** Opening Data extract block **

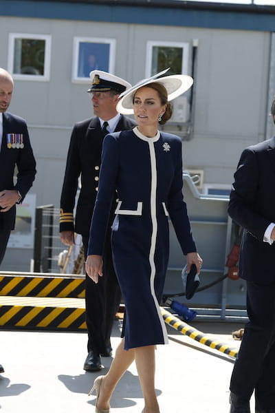 De passage en Écosse pour l'inauguration d'un nouveau navire de la marine britannique, Kate Middleton a arboré une tenue de circonstance rappelant l'uniforme marin. La princesse, dont le sens du style n'est plus à prouver, a en effet choisi d'arborer une robe bleu marine aux liserés blancs de chez Suzannah London et un chapeau Philip Treacy accordé. Une tenue immensément chic matchant à la perfection avec ses boucles d'oreilles en saphir et diamants et avec sa broche conçue par le joaillier écossais James Porter & Son.
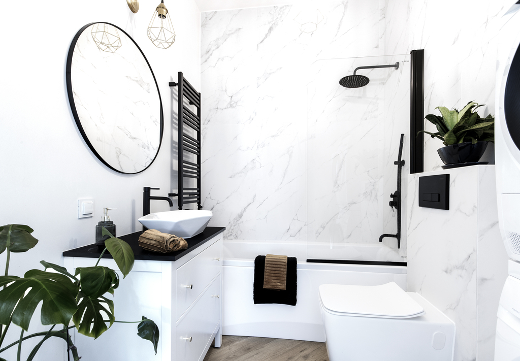 Łazienka wyposażona jest w wannę i ma powierzchnię niemal 5 m².
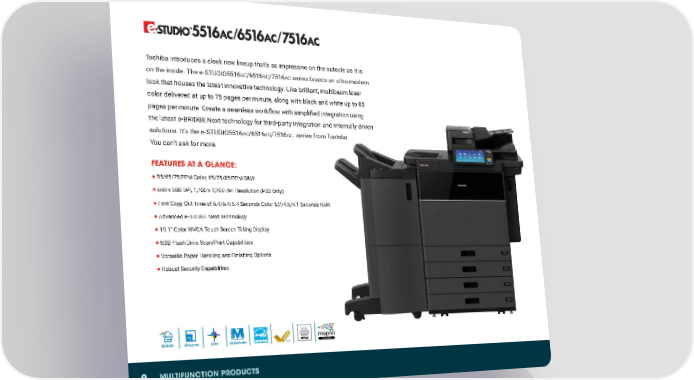 Toshiba introduces a sleek new lineup that’s as impressive on the outside as it is on the inside. The e-STUDIO5516AC/6516AC/7516AC series boasts an ultra-modern look that houses the latest innovative technology. Like brilliant, multibeam laser color delivered at up to 75 pages per minute, along with black and white up to 85 pages per minute. Create a seamless workflow with simplified integration using the latest e-BRIDGE Next technology for third-party integration and internally driven solutions. It’s the e-STUDIO5516AC/6516AC/7516AC series from Toshiba. You can’t ask for more. FEATURES AT A GLANCE: ● 55/65/75 PPM Color, 65/75/85 PPM B&W ● 600 x 600 DPI, 1,200 x 1,200 DPI Resolution (PS3 Only) ● First Copy Out Time of 6.4/6.4/5.4 Seconds Color 5.2/4.5/4.1 Seconds B&W ● Advanced e-BRIDGE Next Technology ● 10.1” Color WVGA Touch Screen Tilting Display ● USB Flash Drive Scan/Print Capabilities ● Versatile Paper-Handling and Finishing Options ● Robust Security Capabilities Color PPM L 55/65/65 Workgroup Color Multifunction 9 MULTIFUNCTION PRODUCTS
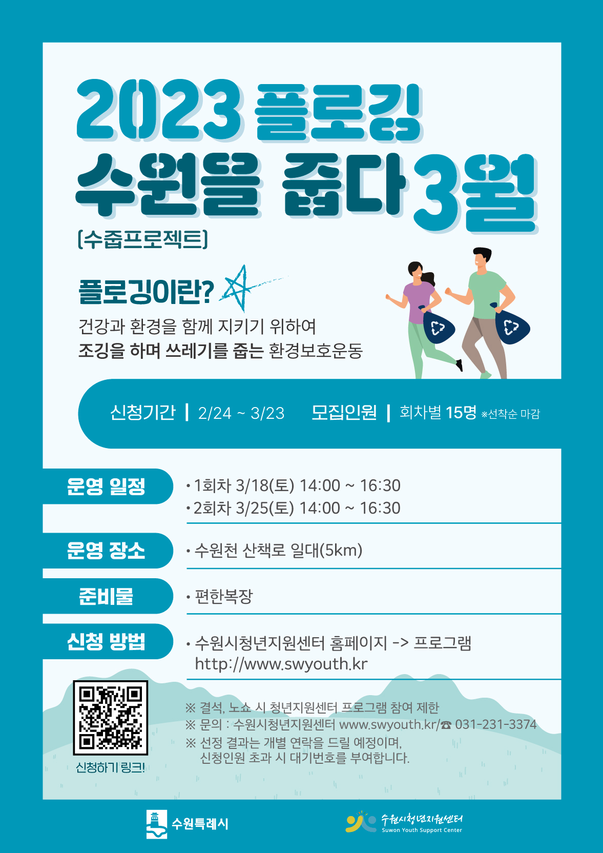 | 2023년 청년지원센터 플로깅 '수원을 줍다' 참여자 모집 | |

** Closing Data extract block **

→ Your instructions
Repeat the data exactly as given. Keep every picture out of the copy.

→ Solution to the problem
 De passage en Écosse pour l'inauguration d'un nouveau navire de la marine britannique, Kate Middleton a arboré une tenue de circonstance rappelant l'uniforme marin. La princesse, dont le sens du style n'est plus à prouver, a en effet choisi d'arborer une robe bleu marine aux liserés blancs de chez Suzannah London et un chapeau Philip Treacy accordé. Une tenue immensément chic matchant à la perfection avec ses boucles d'oreilles en saphir et diamants et avec sa broche conçue par le joaillier écossais James Porter & Son.
 Łazienka wyposażona jest w wannę i ma powierzchnię niemal 5 m².
 Toshiba introduces a sleek new lineup that’s as impressive on the outside as it is on the inside. The e-STUDIO5516AC/6516AC/7516AC series boasts an ultra-modern look that houses the latest innovative technology. Like brilliant, multibeam laser color delivered at up to 75 pages per minute, along with black and white up to 85 pages per minute. Create a seamless workflow with simplified integration using the latest e-BRIDGE Next technology for third-party integration and internally driven solutions. It’s the e-STUDIO5516AC/6516AC/7516AC series from Toshiba. You can’t ask for more. FEATURES AT A GLANCE: ● 55/65/75 PPM Color, 65/75/85 PPM B&W ● 600 x 600 DPI, 1,200 x 1,200 DPI Resolution (PS3 Only) ● First Copy Out Time of 6.4/6.4/5.4 Seconds Color 5.2/4.5/4.1 Seconds B&W ● Advanced e-BRIDGE Next Technology ● 10.1” Color WVGA Touch Screen Tilting Display ● USB Flash Drive Scan/Print Capabilities ● Versatile Paper-Handling and Finishing Options ● Robust Security Capabilities Color PPM L 55/65/65 Workgroup Color Multifunction 9 MULTIFUNCTION PRODUCTS
 | 2023년 청년지원센터 플로깅 '수원을 줍다' 참여자 모집 | |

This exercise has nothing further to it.